Lelia Judson Tuttle (May 12, 1878 – November 8, 1967) was an American educator and missionary in China. She was chair of the English literature department at McTyeire Institute in Shanghai from 1910 to 1926, and dean of women at Soochow University from 1926 until 1941.

==Early life and education==
Tuttle was born in Caldwell County, North Carolina, the youngest of at least eleven children of Benedict Marcus Tuttle and Mary Anne Elizabeth Cochrane Tuttle. Her eldest brother, Herndon Tuttle, was a friend of Charlie Soong, giving her an early connection to Chinese Methodists.
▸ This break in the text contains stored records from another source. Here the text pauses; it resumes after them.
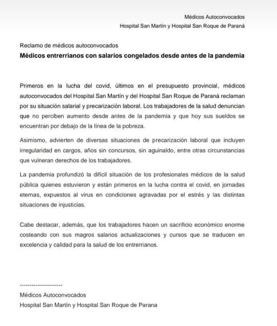 Médicos autoconvocados del Hospital San Martín y del San Roque de Paraná emitieron un duro comunicado contra el gobierno provincial en el que reclaman por mejores condiciones laborales y salariales.
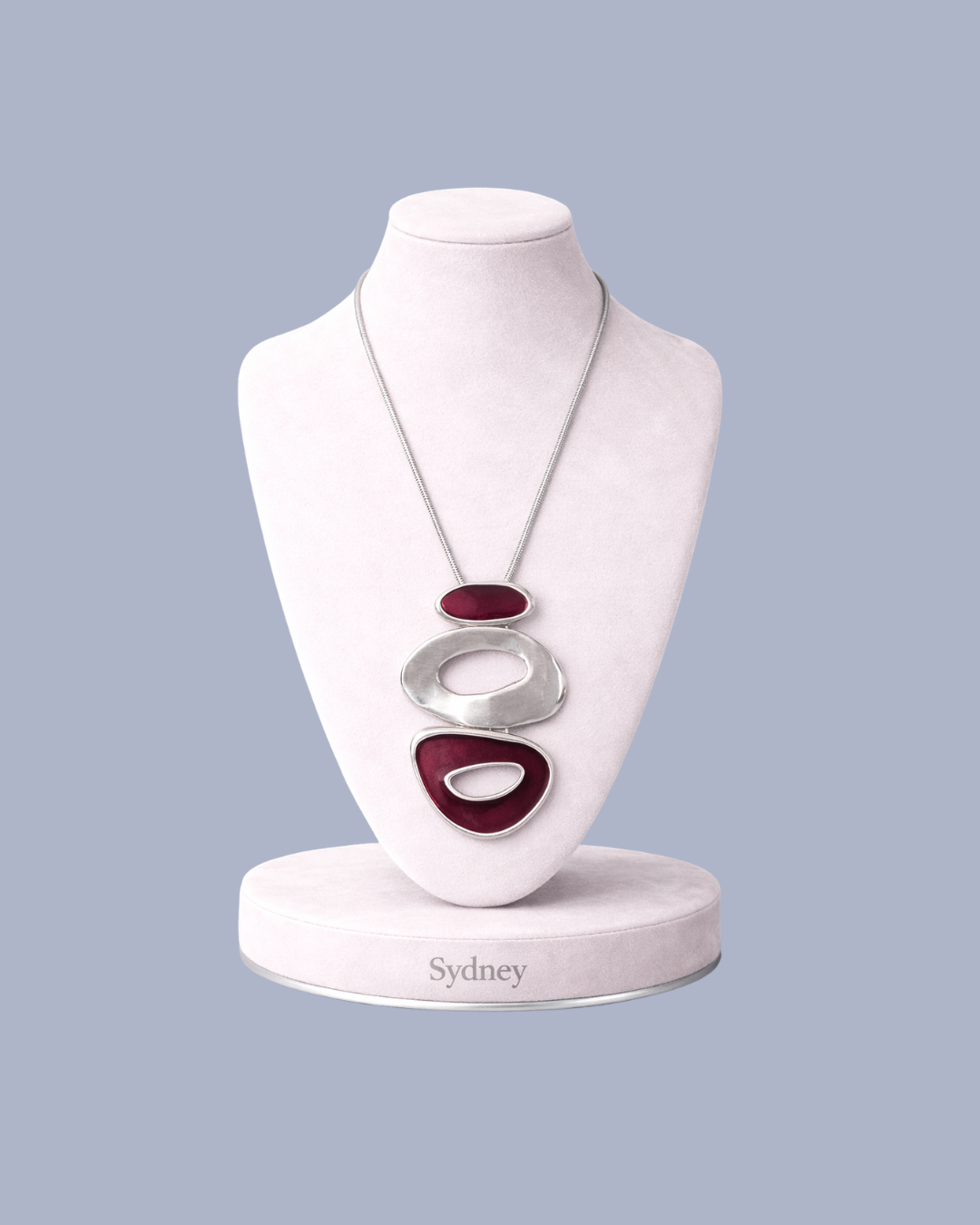 Colar de estanho com banho de prata, com pingente com 3 peças prateaddas, sendo a primeira e terceira pintadas de vinho. Fio prateado de 80cm que segura o pingente. Comprimento do pingente é de 7,5cm.
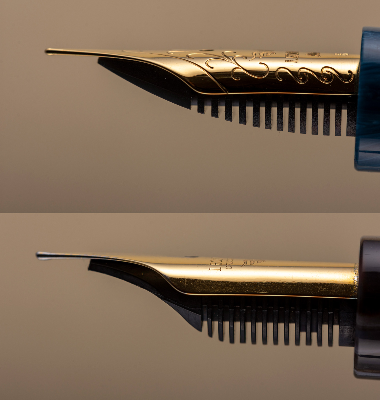 Esteticamente preferisco la grafica semplice usata nel pennino Bock che lo rende differente da quello di altre marche, anche l’incisione della scritta è fatta meglio nel pennino Bock, nel pennino Jowo i decori mi ricordano quelli presenti su altri pennini, inoltre, incisione e decori mi restituiscono una sensazione di troppo carico.
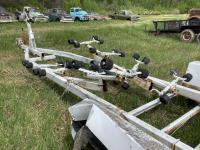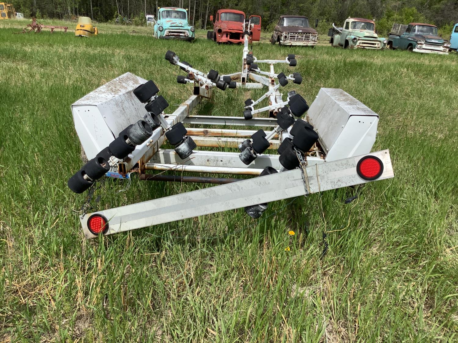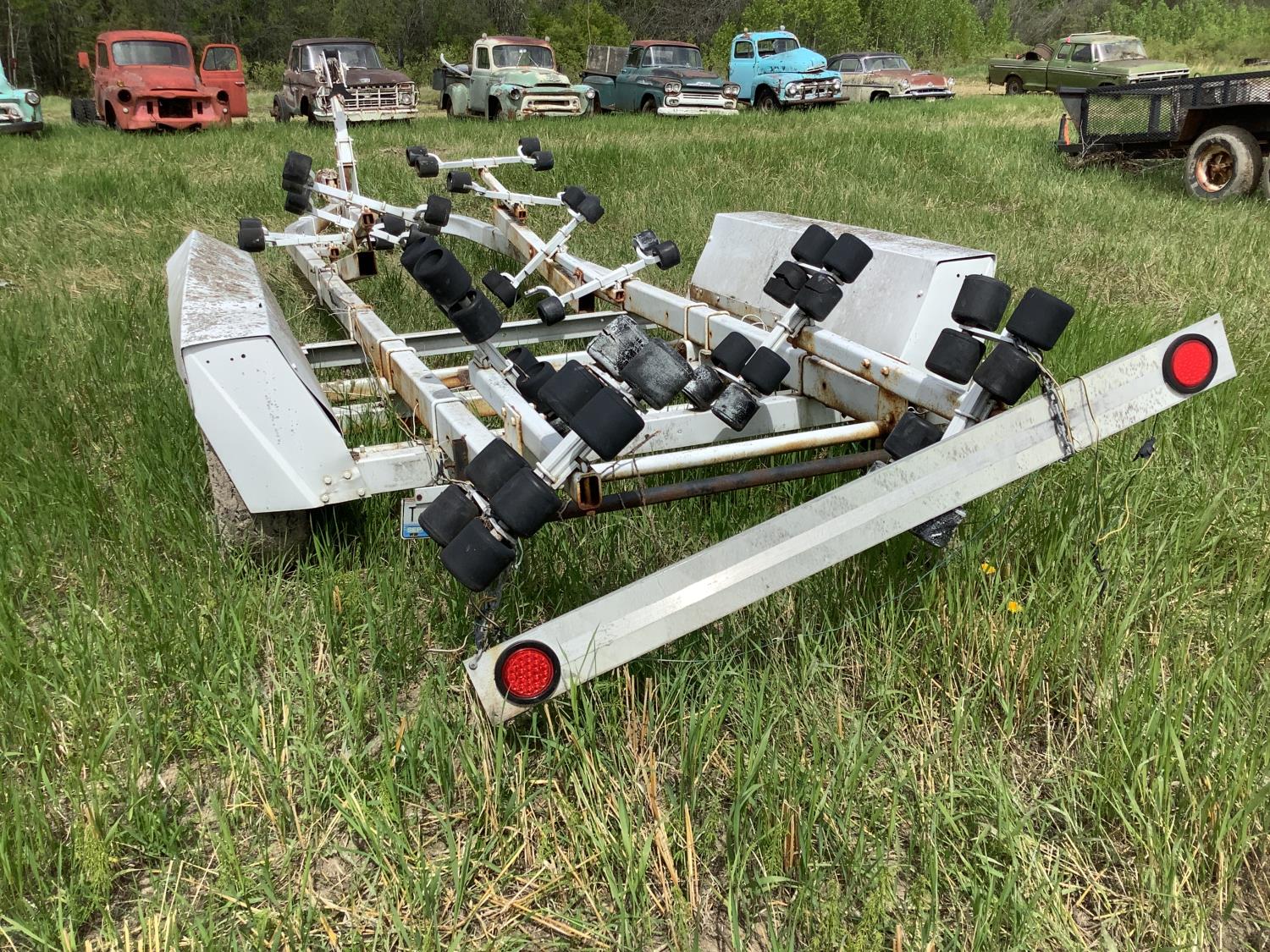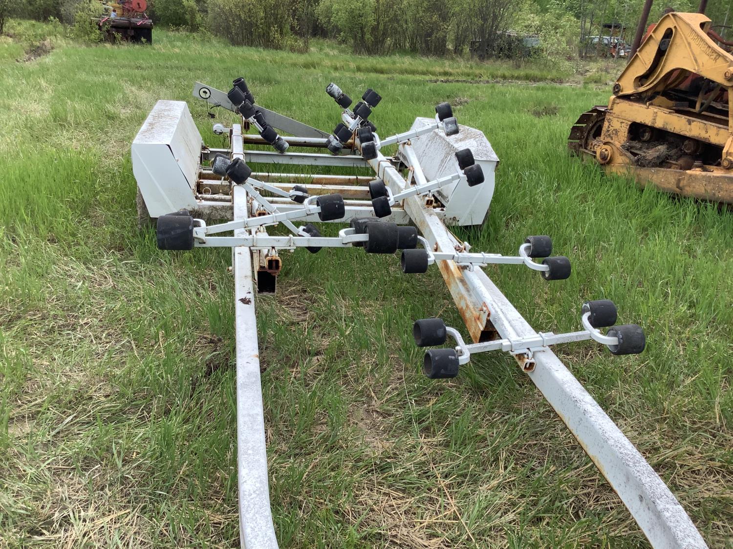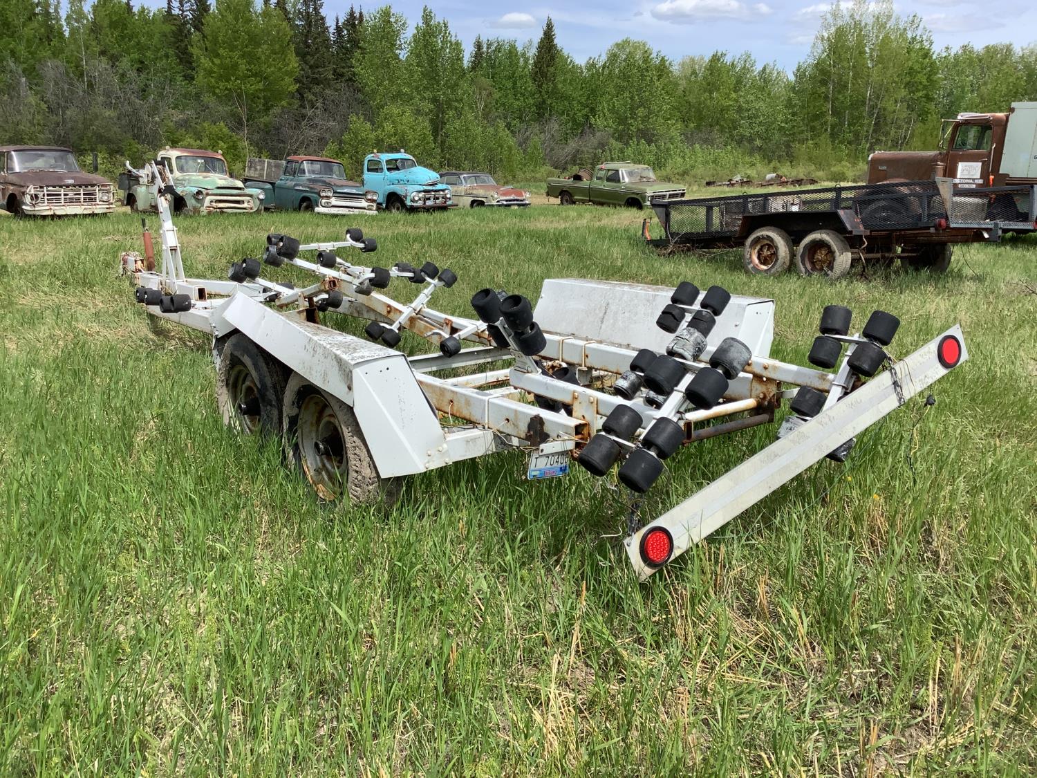 This trailer had a 32 FT boat on it. This is a big trailer tires will need attention before towing it away. Seller can load on trailer for buyer. No Vin Plate or SR# visible. Last registered in the Yukon.
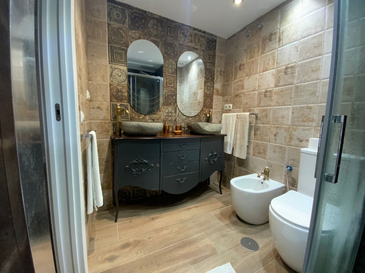 Two bathrooms: The one included in the master bedroom has a slate shower tray, hydromassage column with rainwater and glass screen. Natural stone sinks.
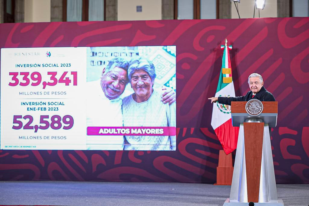 En el Salón de la Tesorería de Palacio Nacional, la titular de Bienestar subrayó que la inversión social de la pensión para 2023 asciende a 339 mil 341 millones de pesos. En el bimestre enero-febrero se invierten 52 mil 589 millones de pesos para garantizar este derecho plasmado en el artículo 4° constitucional. Además, se entrega de manera directa y sin intermediarios.
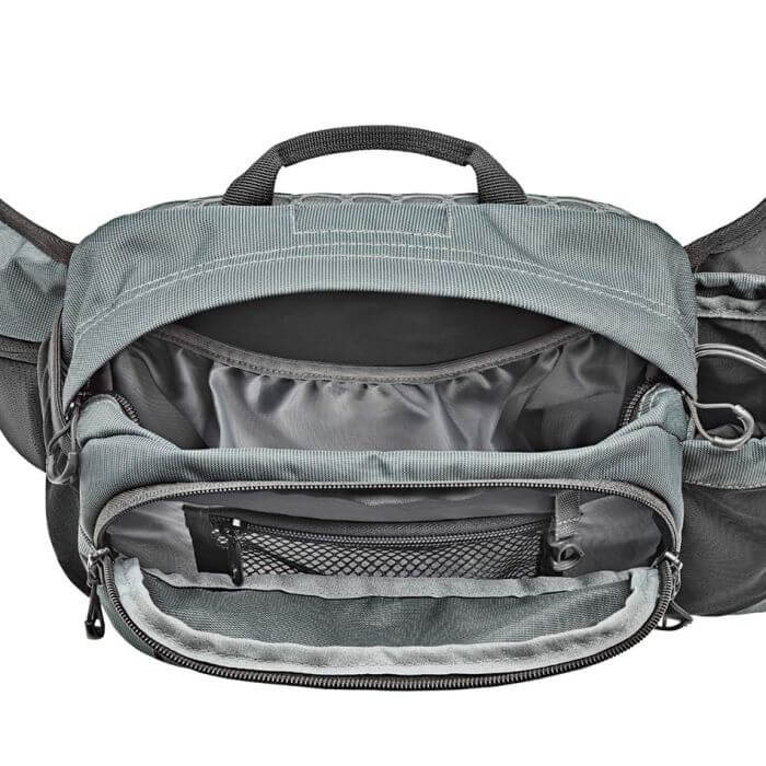 - 1 bolsillo con cremallera y otra en malla en el cinturón.
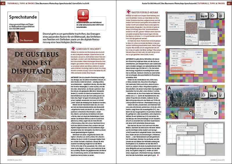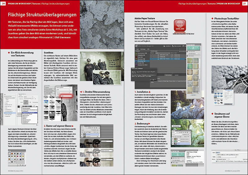 Die DOCMA-Ausgabe 50 (1-2013) bekommen Sie im Zeitschriftenhandel und bei uns im Webshop (als gedruckte Ausgabe und als ePaper zum Sofortdownload).
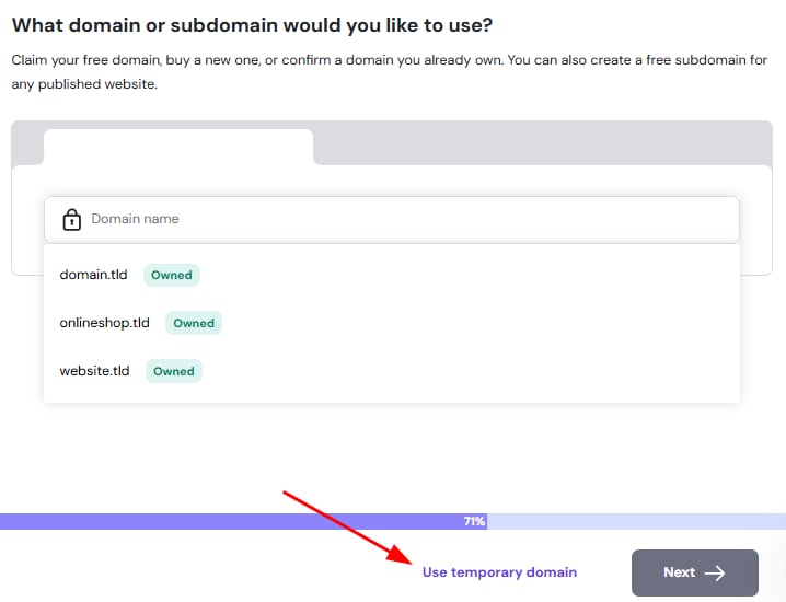 During the process of adding a website to your hosting plan, you will have the option to use a custom domain or subdomain you already own, or use a randomly generated temporary domain.
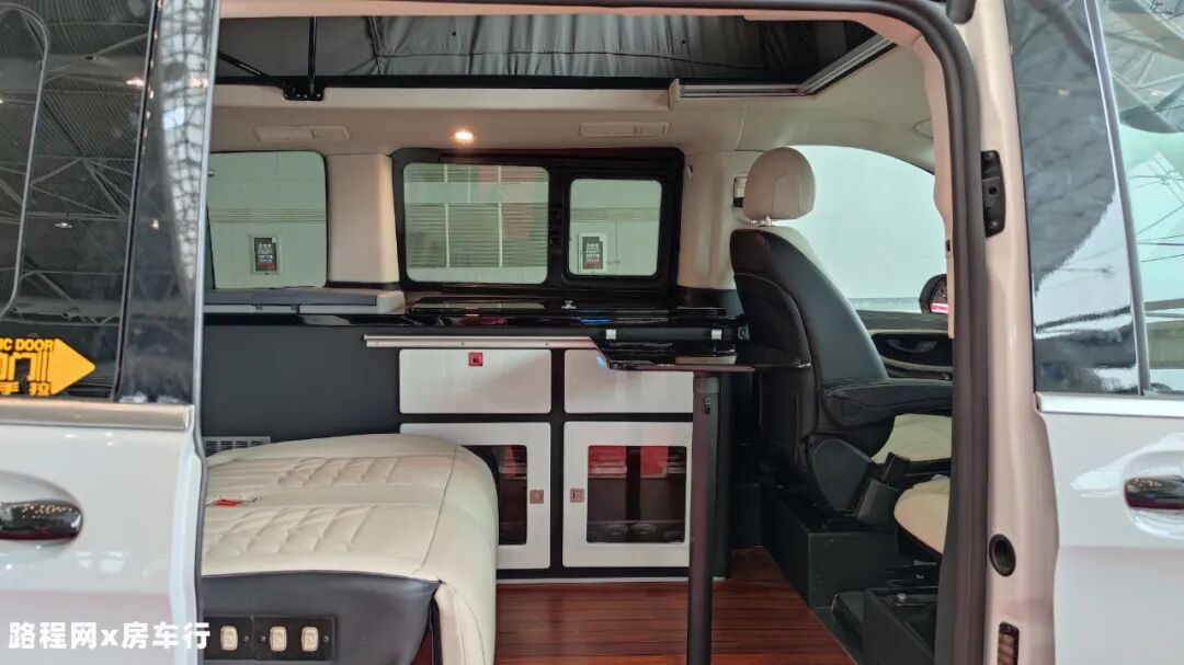 可升顶的奔驰房车是什么样子,今天小编就来带大家了解一下,这款由智点房车推出、南京房车展登场亮相的——智点奔驰环游者旅行款升顶房车,采用奔驰底盘,车顶设置了升顶机构,通过性能优异,升顶后还可以组成床铺,解决户外旅行睡眠休息的问题,整车还经过隔音隔热处理,旅行居住更舒适。
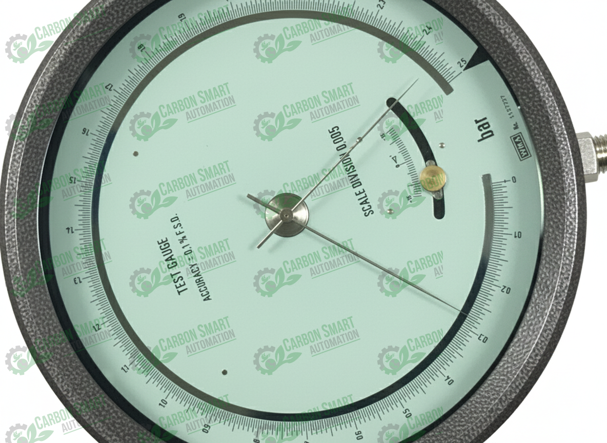 WIKA 342.11.250 is a high-precision Bourdon tube test gauge with a massive 250 mm (10″) nominal size, engineered specifically for laboratory calibration and testing of industrial gauges. This particular model features a 2.5 bar scale range and includes a mirror band scale with a knife-edge pointer to eliminate parallax errors and provide an accuracy class of 0.1%. While primarily a pressure gauge, its
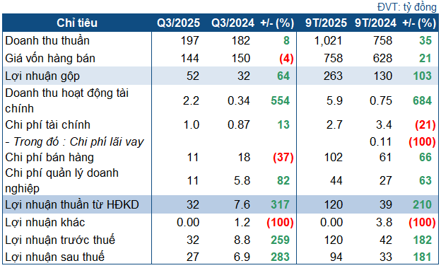 For the first nine months, NFC reported a net revenue of nearly VND 1,021 billion and an after-tax profit of VND 94 billion, up 35% and 181% year-on-year, respectively. Compared to the 2025 Annual General Meeting’s plan, the company has nearly completed its revenue target at 97% and exceeded its pre-tax profit goal by 84%.
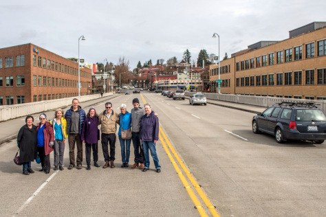 On April 8, 2017 a group from Fremont Historical Society posed on the approach to the Fremont Bridge. Photo by Jean Sherrard for Paul Dorpat’s Then and Now column.
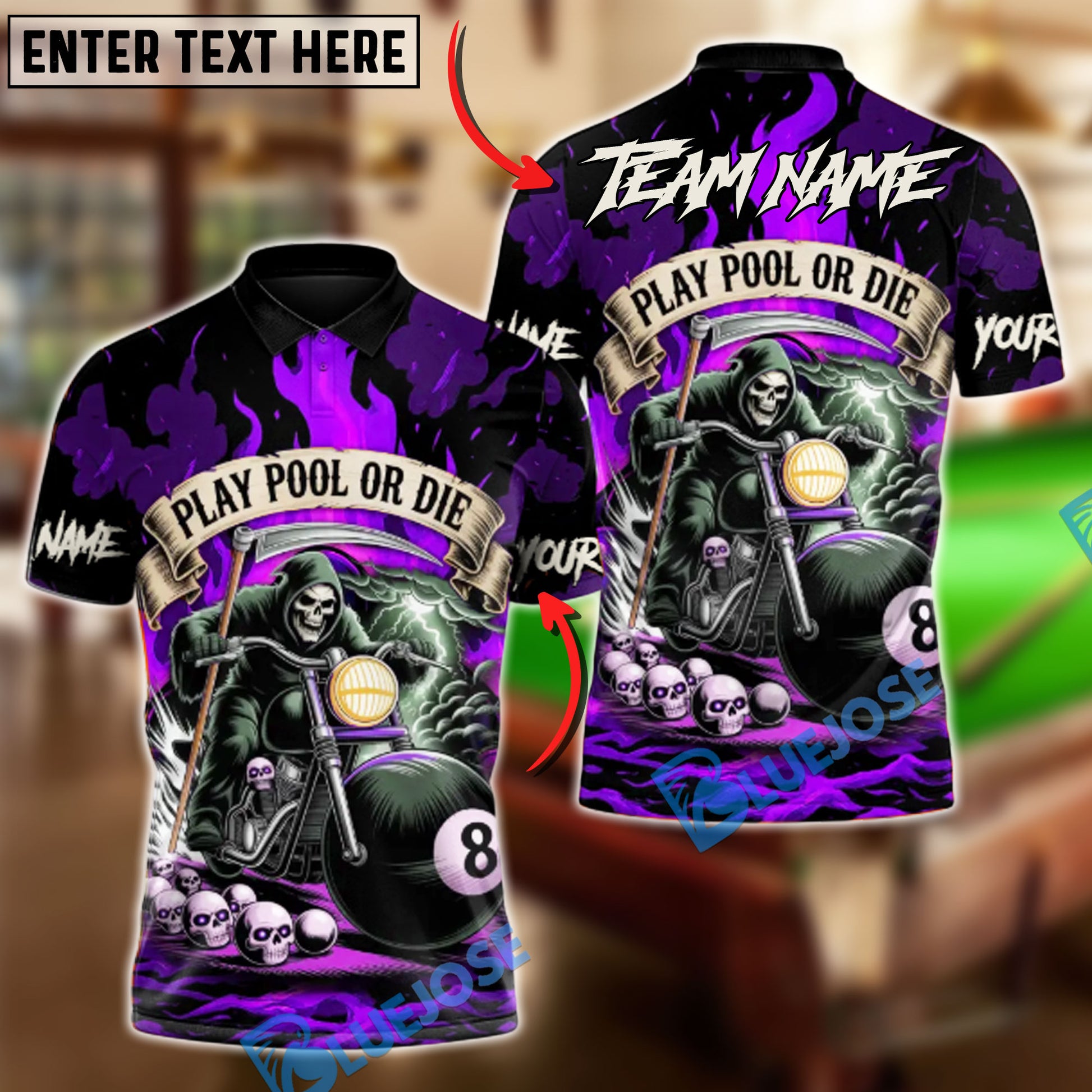 BlueJose Billiards 8 Ball Play Pool or Die Personalized Name, Team Name Unisex Shirt (4 Colors)

She graduated from the North Carolina State Normal and Industrial College in Greensboro (now UNC-Greensboro) in 1900, and earned a master's degree from Teachers College, Columbia University in 1906. She trained for mission work at Scarritt College for Christian Workers in Kansas City.
==Career==
Tuttle taught at Davenport College in North Carolina from 1902 to 1904. She went to China as a Methodist missionary in 1909. She was head of the English literature department at McTyeire Institute in Shanghai until 1926, when she became dean of women at Soochow University. She left China in 1941.

Tuttle spoke about her experiences in China to community and church groups on her furlough visits to North Carolina, and in her later years. In 1956, she gave 168 acres of land in Caldwell County to the Tuttle Forest Foundation. The Tuttle Educational State Forest is named for her.
==Personal life==
Tuttle died in 1967, at the age of 89, in Caldwell County. Twenty boxes of her papers and artifacts from China are held by the special collections library at UNC-Greensboro. Her family has made additions to the collection in recent years. One of her nieces, Worth Tuttle Hedden, was a novelist.